Fat-restricted diets, produce weight loss by increasing CNS sensitivity to leptin, allowing energy intake, adipose mass, and leptin levels to fall without a compensatory increase in appetite.

These types of studies often find either no or more often some decrease in leptin levels. The failure for leptin fall to bring about increased food intake is attributed to a rise in leptin sensitivity. The conclusion of several studies is simply that dietary fat restriction enhances leptin sensitivity in the CNS and the periphery and that returning people to 35% fat diets rapidly abates the increase in leptin sensitivity.

In addition these diets do not increase Ghrelin levels so Ghrelin will not act to induce hunger. CCK also does not appear to be increased so there is no rise in satiety signally. The sole mechanism to explain the feeling of fullness is an increase in leptin sensitivity.


Reconciling the two macro-nutrient extremes

In my opinion it is the continued presence of both carbohydrates and fats in a diet that results in decreased leptin sensitivity and removal of one in a diet will enhance leptin sensitivity.

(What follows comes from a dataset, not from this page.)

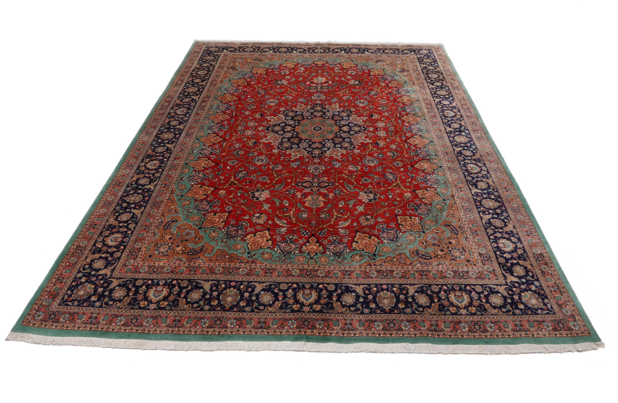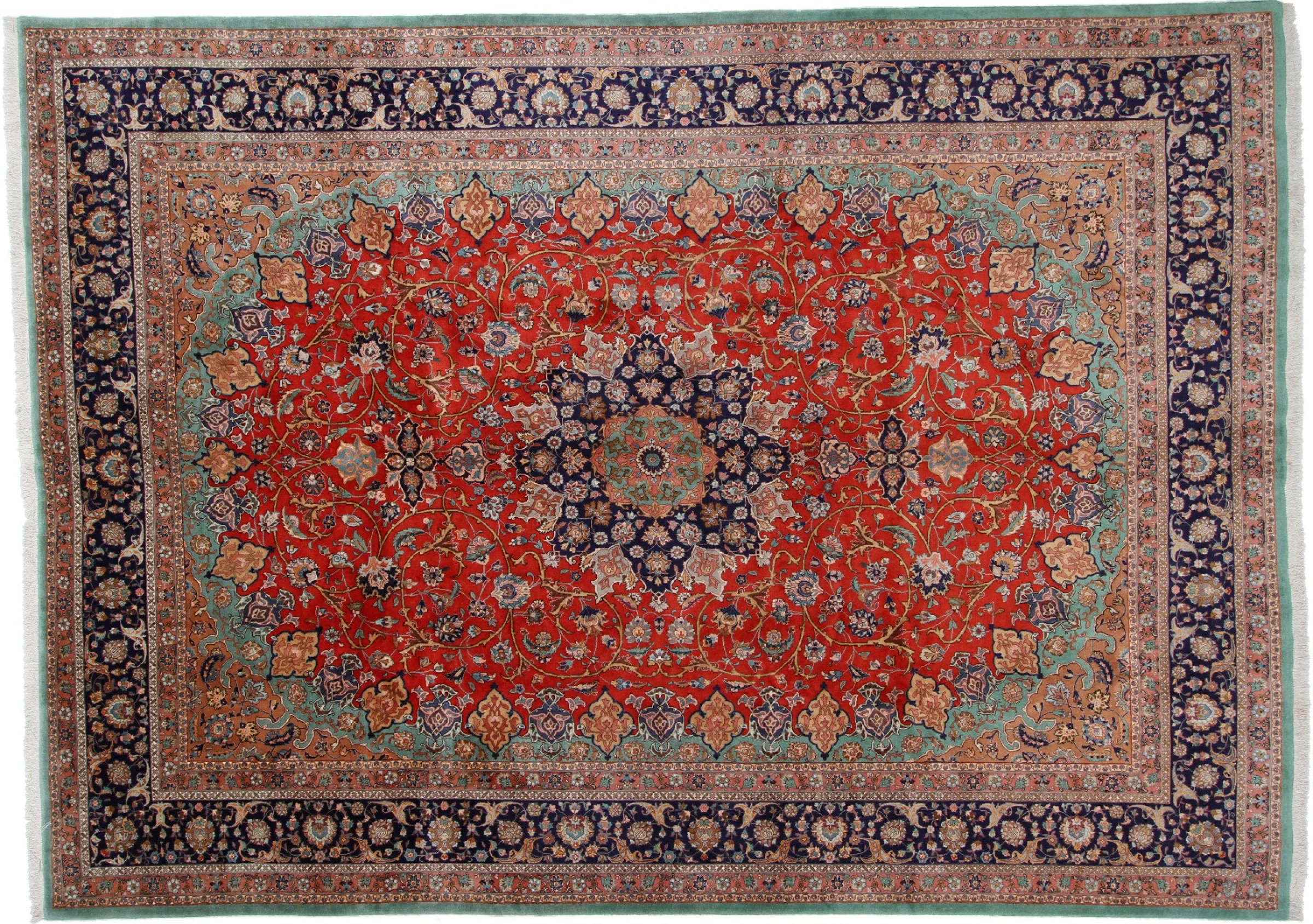 Tæppe-nr.: 34925004969062 Størrelse: 404x297 cm Tykkelse: ca. 6 mm Knuder: 650 000 / m² Forarbejdelse: Knyttet i hånden Luv: Uld med silke Kæde: Silke Oprindelse: Persien / Iran Alder: Ny Vægt: ca. 36 kg Også kendt som Tabris, Tabriz, Tebris, Tebriz, Täbris, 60Raj Antal på lager: Unik - Kun 1 tilbage på lager

Toggling between these two extremes probably has some benefit. The worry is often that circulating fatty acids may bring deposition in organs and muscle and this will lead to insulin resistance in peripheral tissue as well as effect health. It will be important to better match energy utilization with energy input when ingestion of fats is used as an energy substrate. We must also keep an eye on the liberation of fatty acids into circulation.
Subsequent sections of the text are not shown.